Data for this task –
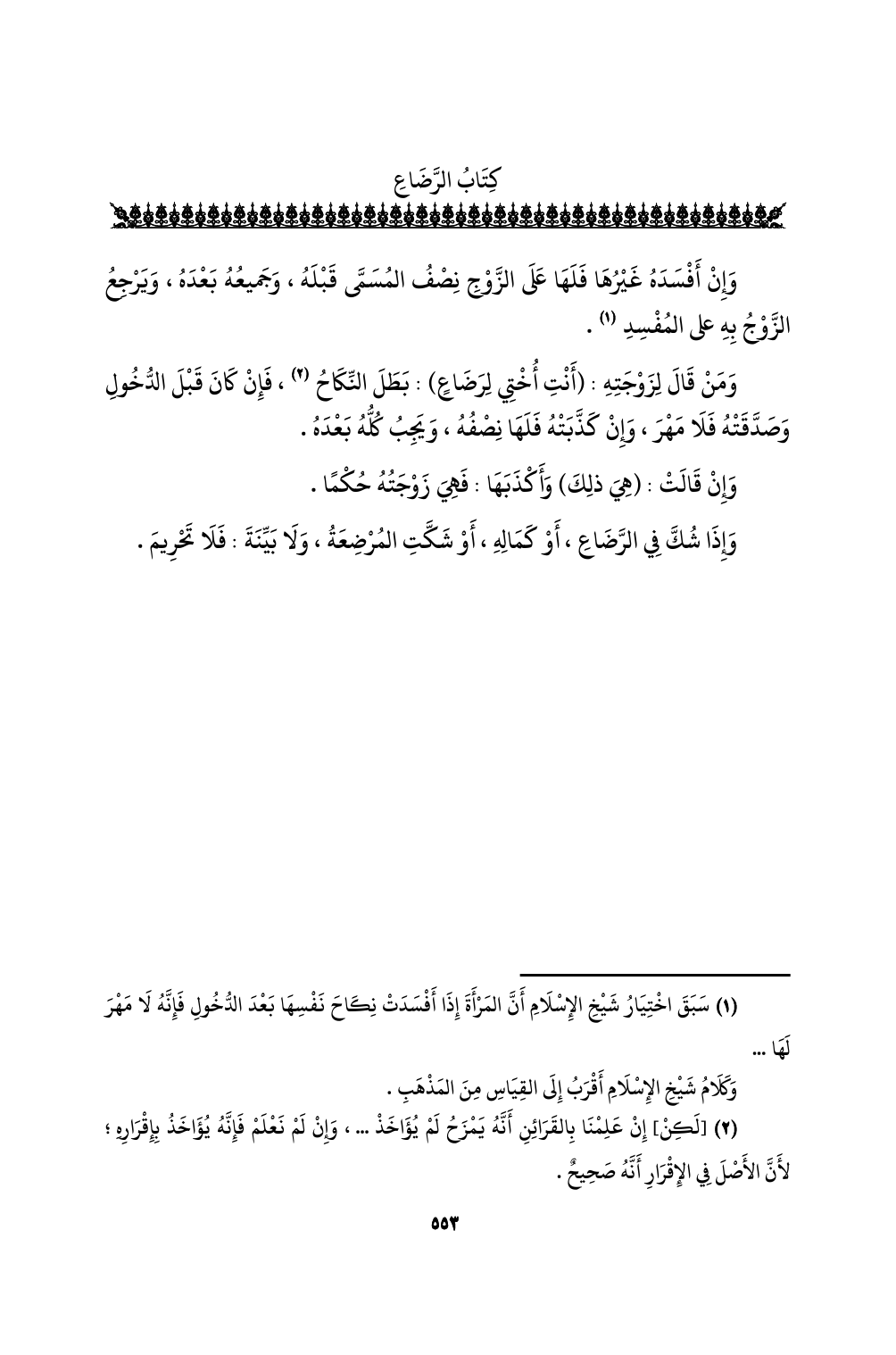 (¬1) سبق اختيار شيخ الإسلام أن المرأة إذا أفسدت نكاح نفسها بعد الدخول فإنه لا مهر لها ...
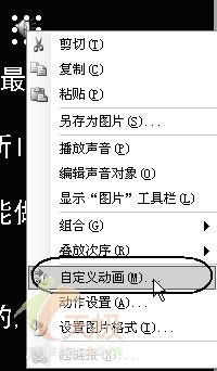 2.用鼠標右鍵單擊插入的聲音對象(喇叭圖標),在彈出的快捷菜單中選擇“自定義動畫”(圖4),在出現的“自定義動畫”任務窗格中,點擊剛剛插入的音樂選項右側的下接箭頭,在出現的菜單中單擊“效果選項”(圖5)。
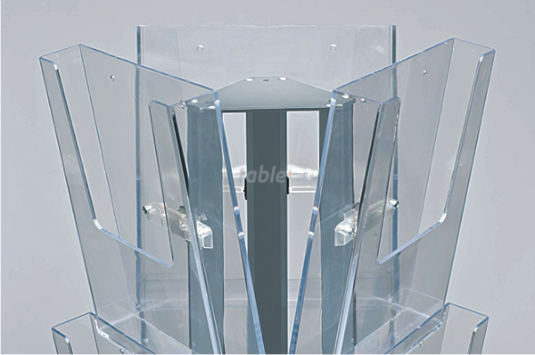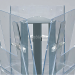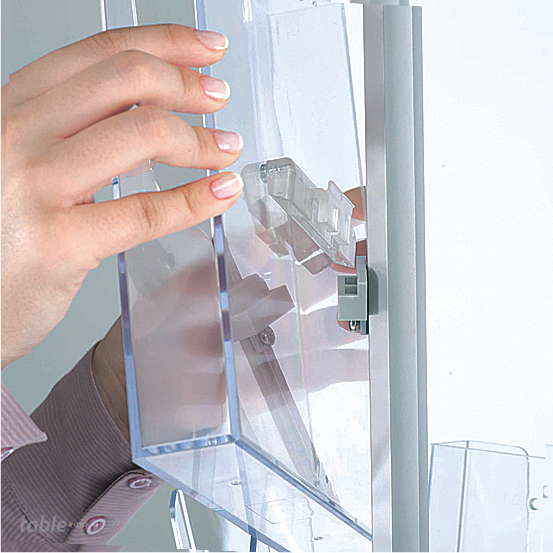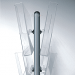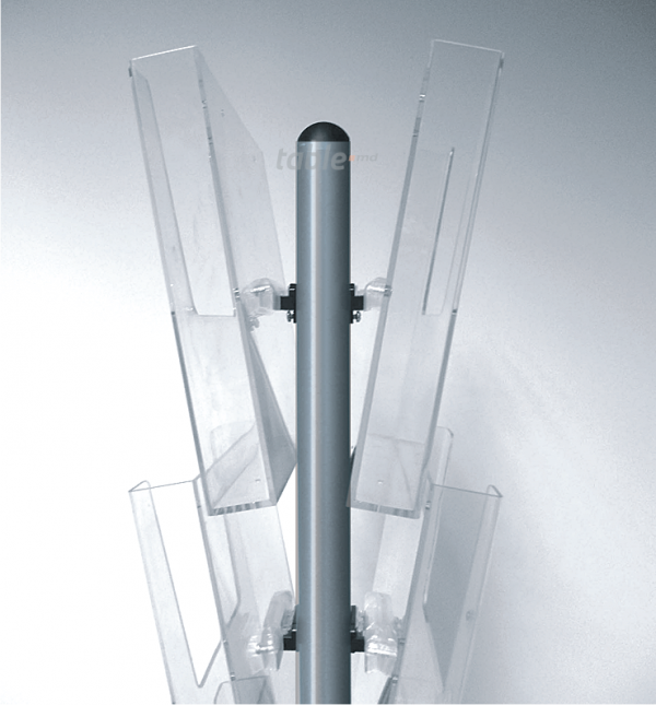 Suport pentru broșuri MULTISIDE cu 2, 3 sau 4 fețe, poziționat pe un piedestal de aluminiu solid (înălțime: 160 cm). Rafturile sunt realizate din material acrilic transparent. Standul a fost proiectat pentru a permite utilizatorului să poziționeze rafturile în orice modalitate, după cum este necesar în funcție de spațiul disponibil. Standul vă permite să fixați  până la 10 rafturi în format A4 sau până la 12 rafturi în format A5 sau 1/3 din formatul A4. Piedestalul este disponibil în culoare argintie, echipat cu roți rotative. Produs este prevăzut pentru auto-asamblare. Setul include: elemente de asamblare. Notă: rafturile sunt vândute separat.
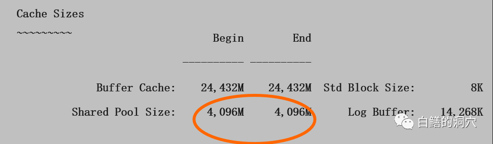 这仅仅是AWR的头,其中就蕴含了十分丰富的信息。不说前面的数据库版本,是否RAC,仅仅从老白画圈的这三个数据,就蕴含了十分丰富的内容。Sessions的数据是报告的两个采样点的会话数量,curs/sess是每个SESSION平均打开的CURSOR的数量。从这两个指标的绝对值以及两个SNAP之间的变化就可以看出会话变化的一些细节。会话数是高是低,变化趋势等信息。而每个会话打开的CURSOR数量则说明会话执行SQL的情况,以及可能对共享池产生的影响,同时可以用于分析OPEN_CURSOR参数与session_cached_cursors参数是否合理。DB Time是另外一个十分重要的指标,DB TIME与ELAPSED的比值可以看出系统的负载或者等待事件的情况。这个值的高低和活跃会话的数量也有十分大的关系。老白贴出的案例中大概是10左右。到底这个值是多少才是合理的?这个恐怕要和你的系统的基线有一定的关系了。如果你是经常维护这套系统,那么你可以每天都关注下业务最高峰时候这个指标的情况,如果这个比值出现了较大的偏差,那么你就需要认真的阅读这份报告,找到为什么会出现这样的异常了。我们再继续看看下面的数据,关于CACHE的数据,大家可能觉得没那么重要。实际上我们看看buffer cache和shared pool size在BEGIN END两个SNAP的差异,也能发现一些问题:
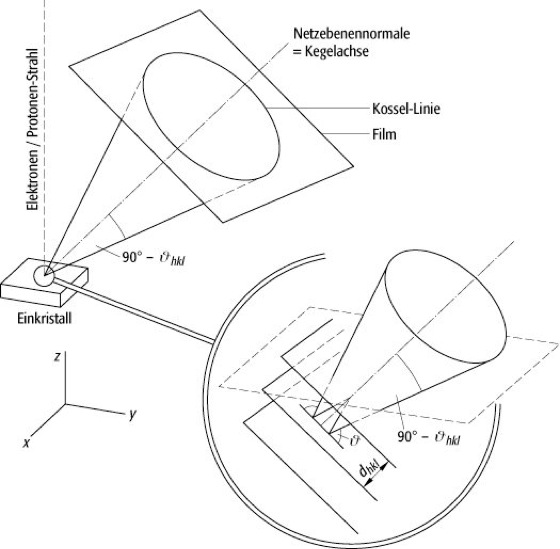 (Braggsches Reflexionsgesetz) erfüllt ist, wird unter dem Bragg-Winkel νhkl reflektiert. Die Indizes hkl bezeichnen dabei die Netzebenen des Kristalls, dhkl ist der Abstand der Netzebenen mit Indizes hkl, λ die Wellenlänge der Röntgenstrahlung und n die Beugungsordnung. Interferenz der isotrop emittierten Primärstrahlung mit der an den Netzebenen reflektierten Strahlung führt zu Intensitätsmaxima der vom Kristall emittierten Röntgenstrahlung. Diese Maxima haben die Form eines Kegels, dessen Spitze im Emissionszentrum liegt und dessen Achse senkrecht auf den Netzebenen des Kristalls steht. Der Effekt wird in der Abbildung verdeutlicht. Ein Einkristall wird mit Elektronen oder Protonen beschossen. Die vom Kristall emittierte Röntgenstrahlung wird mit einem Film detektiert. Je nach Orientierung des Kristalls und des Films werden bestimmte Schnitte des Kossel-Kegels nachgewiesen. In der in der Abbildung gezeigten Geometrie hätte die detektierte Röntgenstrahlung die Form eines Kreises, da die Filmebene senkrecht zur Kegelachse steht.

Task objective – Please take the lines from the beginning of the data above through the line holding "cache和shared pool size在BEGIN" and transcribe them exactly, without any pictures.

Worked solution –
 (¬1) سبق اختيار شيخ الإسلام أن المرأة إذا أفسدت نكاح نفسها بعد الدخول فإنه لا مهر لها ...
 2.用鼠標右鍵單擊插入的聲音對象(喇叭圖標),在彈出的快捷菜單中選擇“自定義動畫”(圖4),在出現的“自定義動畫”任務窗格中,點擊剛剛插入的音樂選項右側的下接箭頭,在出現的菜單中單擊“效果選項”(圖5)。
 Suport pentru broșuri MULTISIDE cu 2, 3 sau 4 fețe, poziționat pe un piedestal de aluminiu solid (înălțime: 160 cm). Rafturile sunt realizate din material acrilic transparent. Standul a fost proiectat pentru a permite utilizatorului să poziționeze rafturile în orice modalitate, după cum este necesar în funcție de spațiul disponibil. Standul vă permite să fixați  până la 10 rafturi în format A4 sau până la 12 rafturi în format A5 sau 1/3 din formatul A4. Piedestalul este disponibil în culoare argintie, echipat cu roți rotative. Produs este prevăzut pentru auto-asamblare. Setul include: elemente de asamblare. Notă: rafturile sunt vândute separat.
 这仅仅是AWR的头,其中就蕴含了十分丰富的信息。不说前面的数据库版本,是否RAC,仅仅从老白画圈的这三个数据,就蕴含了十分丰富的内容。Sessions的数据是报告的两个采样点的会话数量,curs/sess是每个SESSION平均打开的CURSOR的数量。从这两个指标的绝对值以及两个SNAP之间的变化就可以看出会话变化的一些细节。会话数是高是低,变化趋势等信息。而每个会话打开的CURSOR数量则说明会话执行SQL的情况,以及可能对共享池产生的影响,同时可以用于分析OPEN_CURSOR参数与session_cached_cursors参数是否合理。DB Time是另外一个十分重要的指标,DB TIME与ELAPSED的比值可以看出系统的负载或者等待事件的情况。这个值的高低和活跃会话的数量也有十分大的关系。老白贴出的案例中大概是10左右。到底这个值是多少才是合理的?这个恐怕要和你的系统的基线有一定的关系了。如果你是经常维护这套系统,那么你可以每天都关注下业务最高峰时候这个指标的情况,如果这个比值出现了较大的偏差,那么你就需要认真的阅读这份报告,找到为什么会出现这样的异常了。我们再继续看看下面的数据,关于CACHE的数据,大家可能觉得没那么重要。实际上我们看看buffer cache和shared pool size在BEGIN END两个SNAP的差异,也能发现一些问题:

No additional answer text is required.